We delete personal data when the designated purpose for processing or retaining it has been achieved, or as soon as possible after you object to its use, or the use is no longer legally permitted.


Dataprocessor

As a part of our normal operational procedures, we give NTT DATA Business Solutions access to handle our systems.

The data processor only has access in order to deliver IT services or support to us. As data controller, Aguardio has set up the framework for the data processor access to personal data that we process. Data processors may not use personal data for their own marketing purposes or other purposes. Data processor’s retention of personal data is governed by a data processing agreement. This includes requirements as to an appropriate level of security.


Disclosure

We disclose personal information to third parties only when it is necessary for the purposes specified and only to the categories of the recipients identified.

We do not disclose personal data for direct marketing purposes.

In the event of Aguardio’s sale or liquidation of any part of its business or assets, personal data may be shared, complying fully with applicable data protection regulation.


Security

We process data in confidence and in a manner that ensures appropriate security of personal data, including IT technical and administrative limitations to prevent un-authorized access to or use of personal data that are under our responsibility.

We have also implemented technical and organizational security measures in order to protect your personal data from accidental or unlawful destruction, loss, alteration, un-authorized disclosure of, or access to personal data transmitted, stored or otherwise processed in a way that infringes personal data legislation.

We regularly redevelop our security policies and procedures in order to protect the security of our data processing.

Only persons who need the data, may access personal data.

We require the same from our commercial partners as we require from ourselves.

Our employees receive instruction as to how they must or may process personal data.
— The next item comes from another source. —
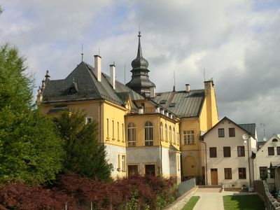 Městská spořitelna est un bâtiment bancaire Art Nouveau d'un étage situé à un coin de Jilemnice, avec des fenêtres en saillie et une tour distinctive. La façade affiche des peintures décoratives créées par les artistes Jan Lev et Vladimír Hraba.

Internal guidelines are in place for action in case of infringements of the security of our data processing.

If because of e.g., a cyber-attack or similar, Aguardio becomes the victim of an infringement of the security of data processing, we will communicate this to you as soon as possible if the infringement poses a high risk.


Transmission to Third Countries

Personal data that we may process will preferably and to the extent possible be processed and kept in Denmark, the EU, and countries that are party to the European Economic Agreement (EEA).


Your rights, and where to complain

You are entitled to know whether we hold personal data about you and if we do, obtain insight to that data and require the data to be corrected, if inaccurate, and

you may object to our use of your personal data and require such data erased.

Restrictions may apply to these rights.


If you want to exercise your rights, you must contact us.

You also have the right to file a complaint on how we process your personal data to a Data Protection Authority.


Review of this Privacy Notice

We aim for as much transparency as possible regarding the collection and processing of personal data.

For this reason, we will review and update this Privacy Notice from time to time.

Any update of the practice regarding processing of personal data that we follow according to this Privacy Notice will come into force immediately as regards personal data that we process about you.

In case we change the Privacy Notice substantially we strive for taking such reasonable and usual steps to communicate this to the data subjects including information about the consequences of the changes we make.


The Privacy Notice was updated at the date referred to at the top under “applicable from”.

This Privacy Notice supersedes all and any earlier versions.